マンション経営における利回り

利回りとは、簡単にいうと「投資したお金に対して得られるリターン」がどの程度の割合かを表したもので、投資判断のための一つの指標です。

マンション経営では、主にWEB上でしばしば高利回りをうたった物件広告を見ることができます。もちろん、中には高利回りで優良なお宝物件が存在している可能性もありますが、「見栄えだけの良い高利回り物件」も存在しているため、本当に実質的な利益を生み出すことができるかどうかを、しっかりと見極めなければなりません。

2つの利回り——「表面利回り」「実質利回り」

表面利回りは、以下の計算方法で求めることができます。

年間家賃収入÷不動産購入価格×100

しかし、これはあくまでも「表面上」の算出方法です。運営費(税金やメンテナンス費用、手数料など)や修繕費など、発生するであろう出費が含まれていません。

これらを年間で考え、出費も含めて算出したものが、実質利回りです。実質利回りは、次の計算式で求めることができます。

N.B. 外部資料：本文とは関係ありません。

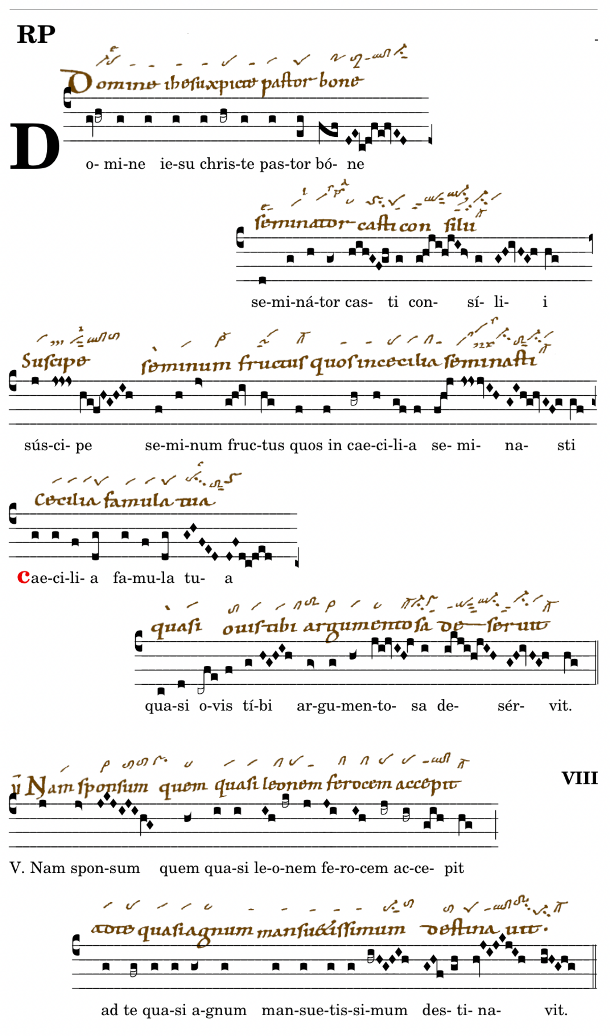 Domine iesu christe / pastor bone / seminator casti consilii / suscipe / seminum fructus quos in caecilia / seminasti / 📍Caecilia famula tua (domine) / quasi ovis tibi / argumentosa deservit. V. Nam sponsum quem quasi leonem ferocem accepit* ad te quasi agnum mansuetissimum destinavit.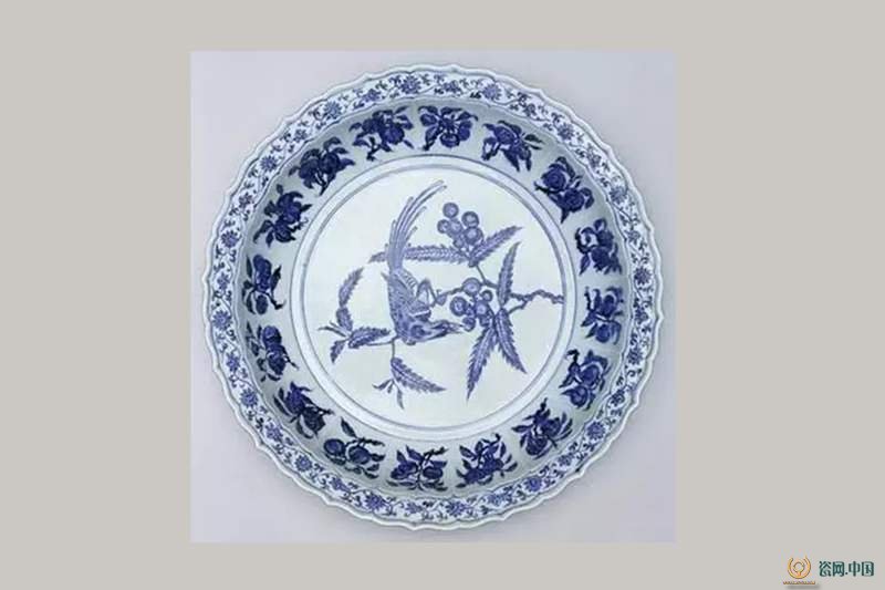 永乐、宣德两朝是我国青花瓷器史上的黄金时代,其青花瓷之胎质、底釉、绘画,无一不精。此盘使用永乐时由西洋进口的“苏泥勃青”料,浓重艳丽,渗入胎骨,并有自然晕散形成的“铁锈斑”,手抚之有凹凸不平之感。国内外现存传世的永乐青花瓷,大盘往往以花卉为装饰题材,用枇杷绶带鸟为主题图案的较少见,就目前已掌握的资料来看,完整的只有三件:日本东京国立美术馆一件,天津艺术博物馆一件,而北京故宫博物院现存的这件最为精美。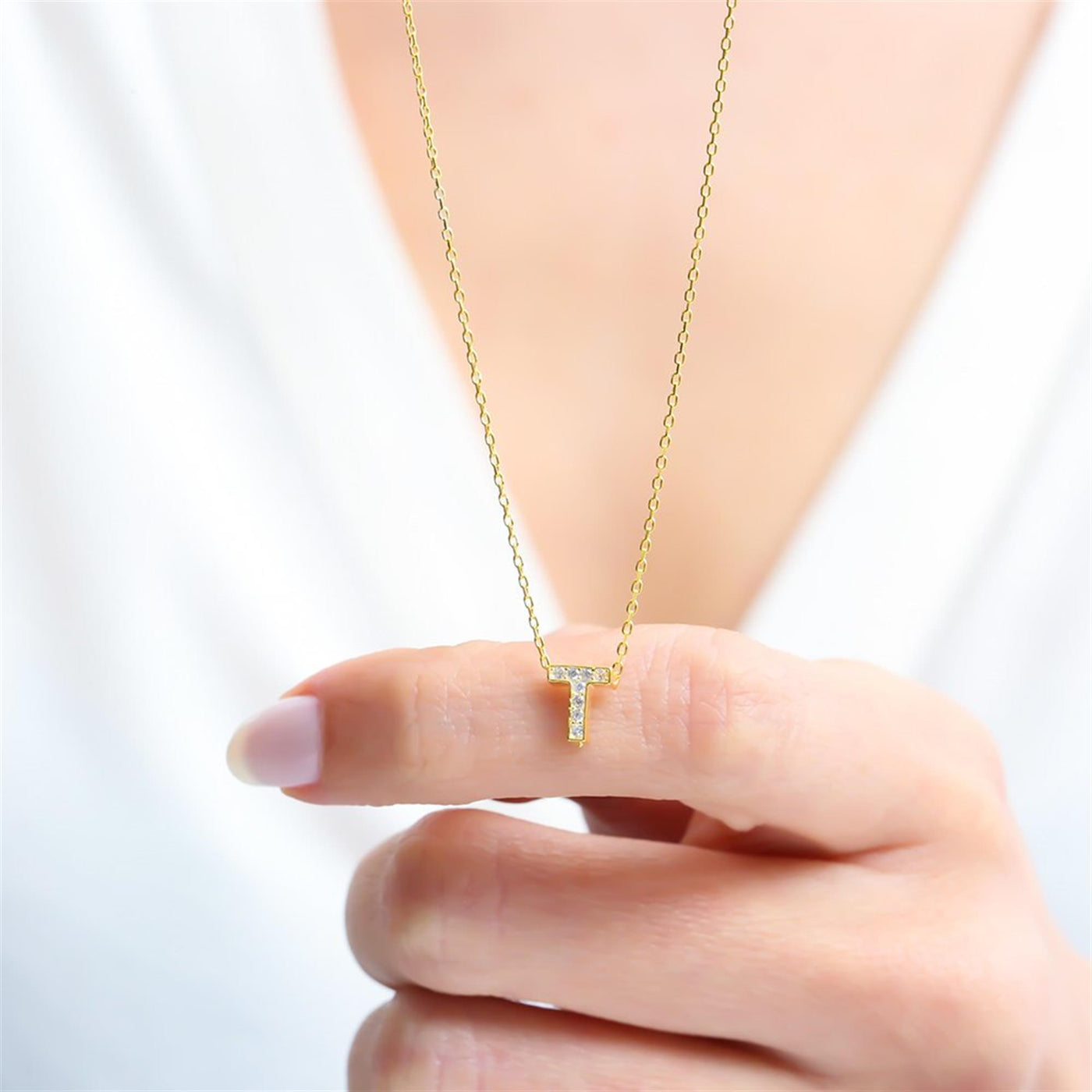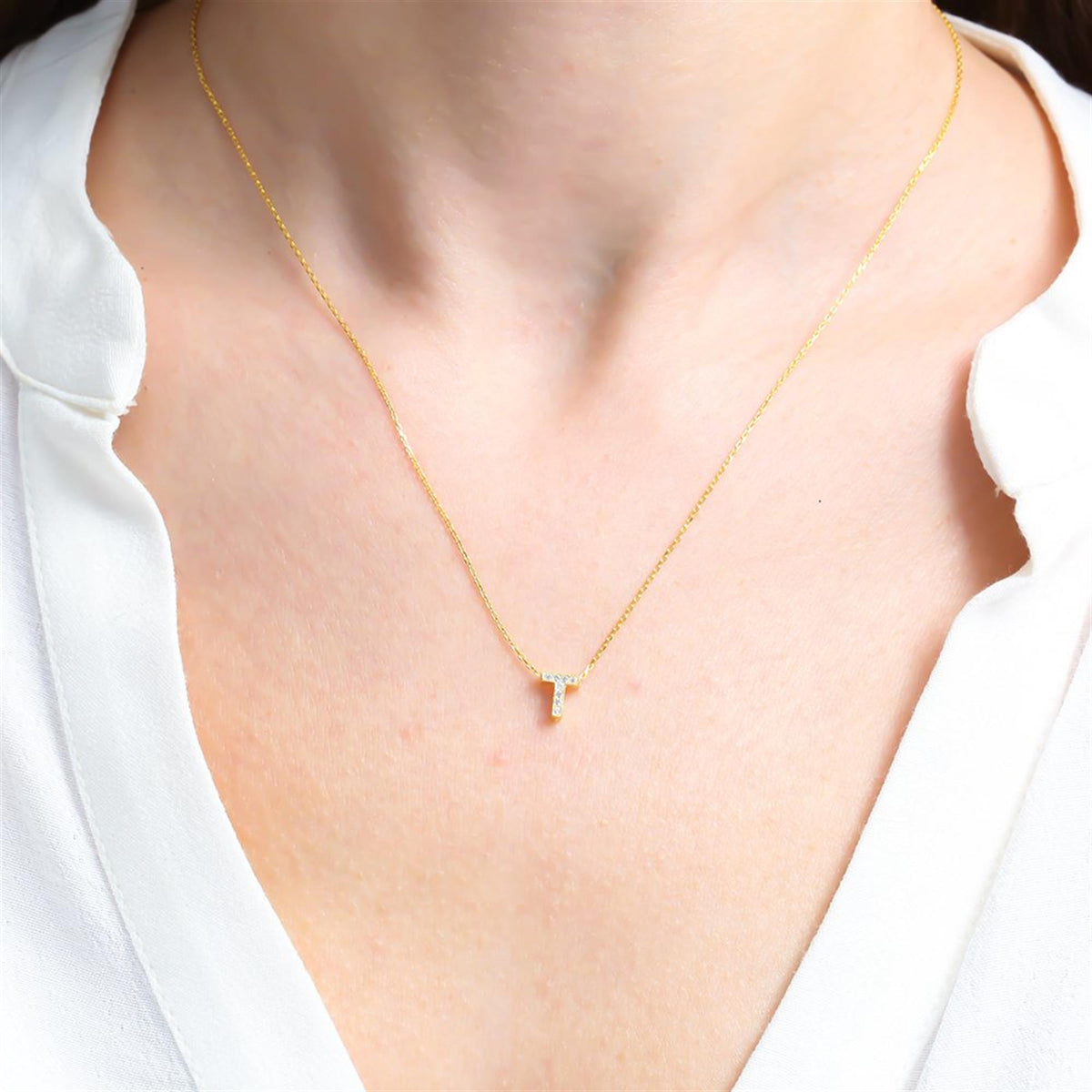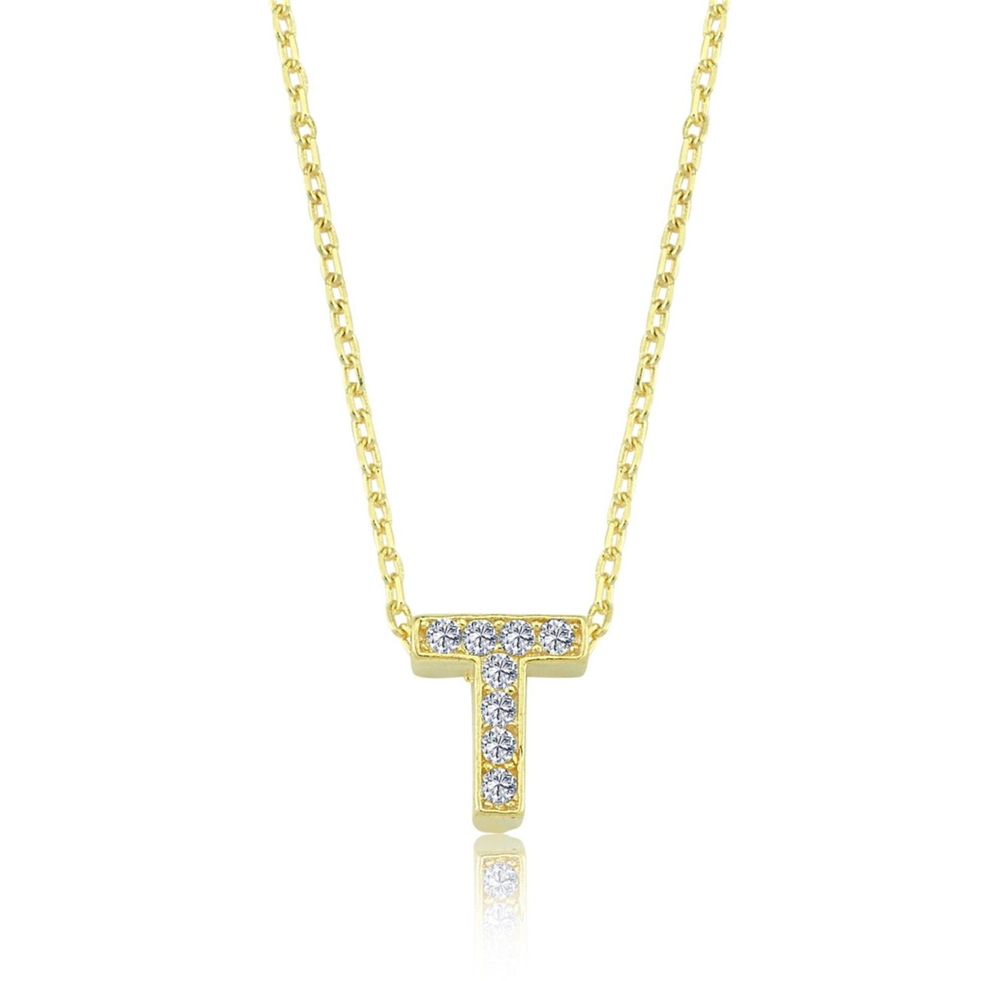 Elegant T Initial Sparkle CZ 14K Gold Necklace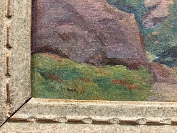 Leinwand SCHLUCHT GELÄNDE BERG von vermutlich 1921 (signiert und datiert mit 21 -> 1921) mit sehr schönen dezenten Farben und zeitgenössischer Ausführung vom bekannten schweizer Künstler MAX EUGENE BRACK aus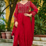 The suit features a rich red kurti beautifully highlighted with intricate golden embroidery on the bodice and sleeves. The V-neckline adds a graceful touch, while the sheer long sleeves bring a blend of elegance and charm to the overall design. The flowy silhouette of the top ensures perfect movement and a flattering fall.
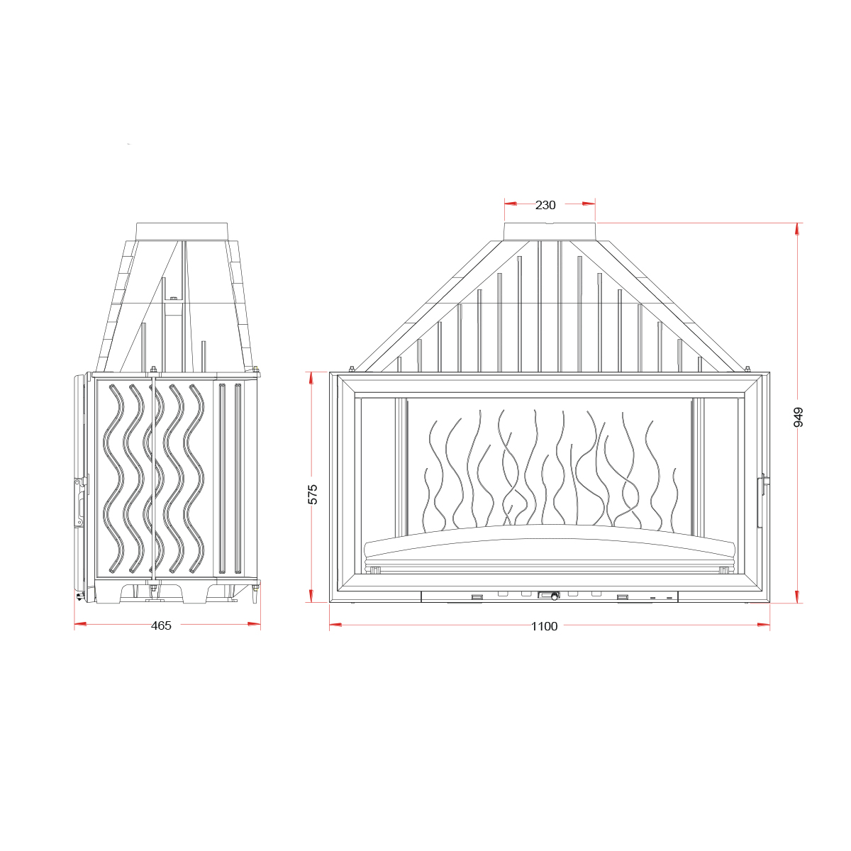 The unit can alternate between intermittent and extended burning mode. Intermittent mode requires frequent addition of new wood. It is particularly high-performing and respectful of the environment. Extended burning mode, with a low flame, enables 3 hours of operation without intervention.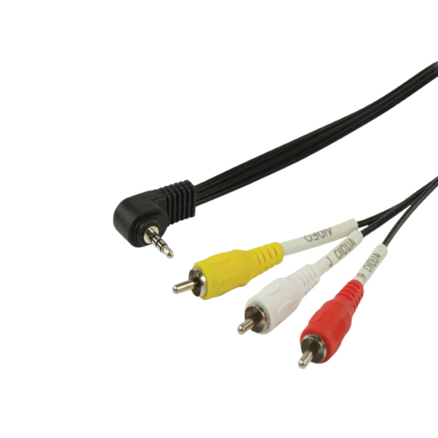 Cable MiniJack de 3.5 mm MACHO (4 conectores) a 3xRCA Macho de 2 m. Sirve para pasar audio y video desde una camara AV o una capturadora de video analogica.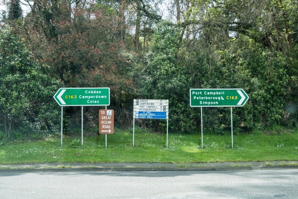 Image of Road signs directing traffic to The Great Ocean Road Austockphoto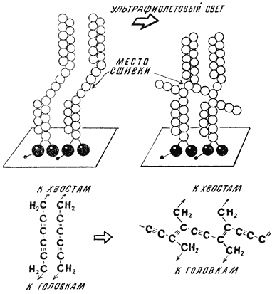 А вот монослой, перенесенный на специальную твердую подложку, можно исследовать как оптическими методами, так и с помощью дифракции электронов. В результате таких исследований выяснилось, что он имеет кристаллическую структуру, однако упорядочение центров тяжести молекул обладает особенностями, характерными именно для двухмерных систем. В частности, в монослое отсутствует истинный дальний позиционный порядок, то есть по мере удаления от какой-то одной выбранной молекулы постепенно накапливается ошибка в позиции других молекул. Чрезвычайно важным оказалось то обстоятельство, что монослой, перенесенный на подложку, наследует тот ориентационный порядок, который был ему навязан поверхностью воды. Все богатство физических свойств и возможностей практического применения ленгмюровских пленок зиждется именно на этом «наследстве». К сожалению, при построении мультислоя из монослоев такое наследство частично может быть утрачено – довольно часто происходит перекристаллизация мультислоя в новую трехмерную кристаллическую структуру. Можно, однако, помешать подобному превращению, если полимеризовать каждый перенесенный монослой. Делается это так: выбираются специальные молекулы с непрочными двойными химическими связями, которые рвутся, например, при действии ультрафиолетового света. Из разорванных внутримолекулярных связей формируются новые, теперь уже межмолекулярные (рис.7), и в результате возникает прочная полимерная сетка, стабилизирующая слоевую структуру.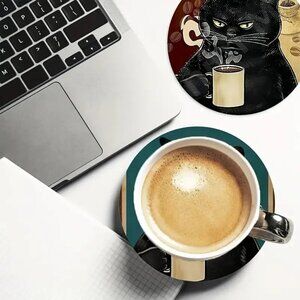 6-piece Coffee Black Cat Design Wooden Coasters - Elegant Decoration for Home and Office, Table Protection and Anti-slip Mat, Heat Resistant, Perfect for Parties and Festivals, Great for gifts or just a special treat for yourself. I mean you need some place to put that cup when you're spilling the tea!

(年間家賃収入-諸経費)÷(物件価格+諸費用)×100

表面利回りしか提示されていない投資物件だとしても、投資をする自己責任において諸経費などを確認し、実質利回りを確認する必要があるといえるでしょう。

高利回り・低い利回りの物件でも、選別が必要

高利回りの物件とは、どのような物件なのでしょうか?

地方の中古アパートなど、低価格で購入でき、家賃は高い物件は高利回りといえます。しかし、地方で人が集まりづらい立地であれば、オーナーの自助努力で空室を防がなければならず、建物が古くなっていればその分、修繕費もかさみます。

対して、都心の好立地にある物件は、家賃収入も高いですが物件価格も高く、低い利回りをたたき出している場合があります。しかし、好立地のため、継続して入居がつきやすく、安定した収益を上げられるケースもあります。

このように、利回りが高ければ良い、低ければ悪いという単純な図式は成立しないのです。

見栄えがいい利回りを鵜呑みにせず、実際にかかる費用や見えづらい作業を踏まえた投資判断が必要です。